Data provided

= Beginning of Section =

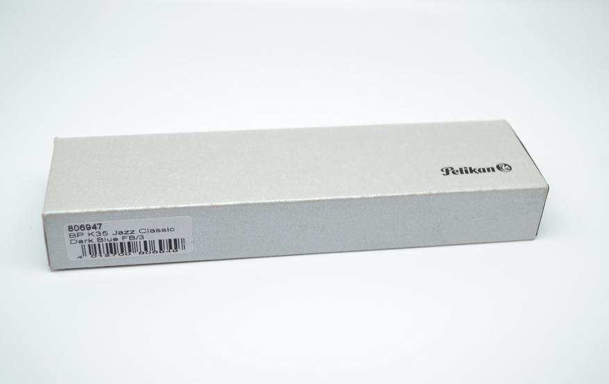 Из всей информации на коробке миниатюрная эмблема пеликана кормящего одинокого птенца, соответственно название бренда — Pelikan, небольшая этикетка со штрих-кодом: 806947 BP K35 Jazz Classic Dark Blue FB/3. На упаковке нет привычного немецкого адреса производителя, нет указания страны производства Германия на каждой поверхности.
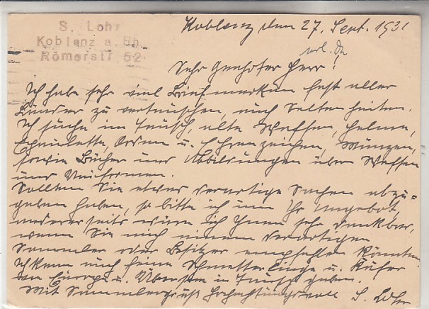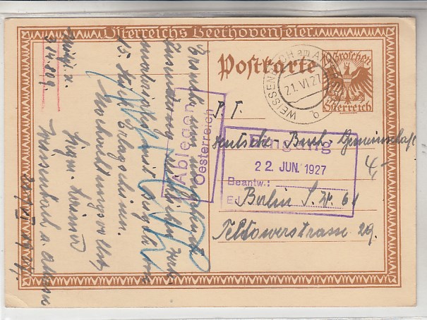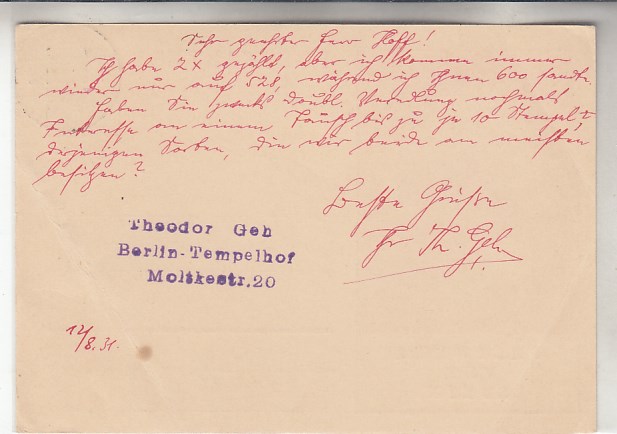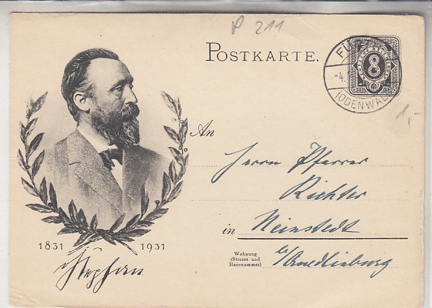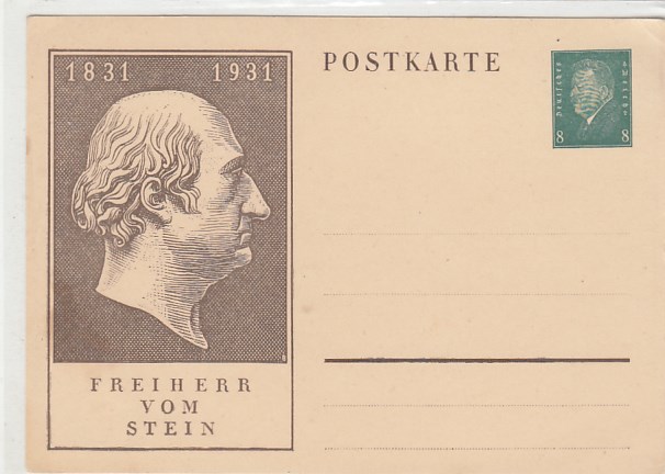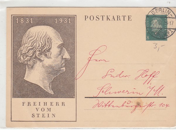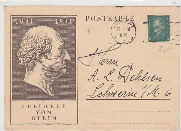 Privatganzsache Freiherr von Stein Stempel Berlin Tempelhof 1931
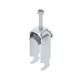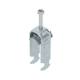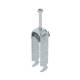 U-clamp with hammer head base, plastic pressure tray made of polypropylene. For vertical and horizontal mounting of 2 individual cables on C-profile rail. For slot width 16 - 17 mm. With 1-start screw on pressure tray, universal hexagon screw head SW10, with slot and Phillips. Suitable for indoor and outdoor installation. Multiple cables should be separated by double trays. The use of a counter tray is recommended. Sales unit: 50 pieces Lieske Part No.: 1102719

= End of Section =

Exercise instructions
Each line of the material above should be set down exactly, with no pictures.

Answer below
 Из всей информации на коробке миниатюрная эмблема пеликана кормящего одинокого птенца, соответственно название бренда — Pelikan, небольшая этикетка со штрих-кодом: 806947 BP K35 Jazz Classic Dark Blue FB/3. На упаковке нет привычного немецкого адреса производителя, нет указания страны производства Германия на каждой поверхности.
 Privatganzsache Freiherr von Stein Stempel Berlin Tempelhof 1931
 U-clamp with hammer head base, plastic pressure tray made of polypropylene. For vertical and horizontal mounting of 2 individual cables on C-profile rail. For slot width 16 - 17 mm. With 1-start screw on pressure tray, universal hexagon screw head SW10, with slot and Phillips. Suitable for indoor and outdoor installation. Multiple cables should be separated by double trays. The use of a counter tray is recommended. Sales unit: 50 pieces Lieske Part No.: 1102719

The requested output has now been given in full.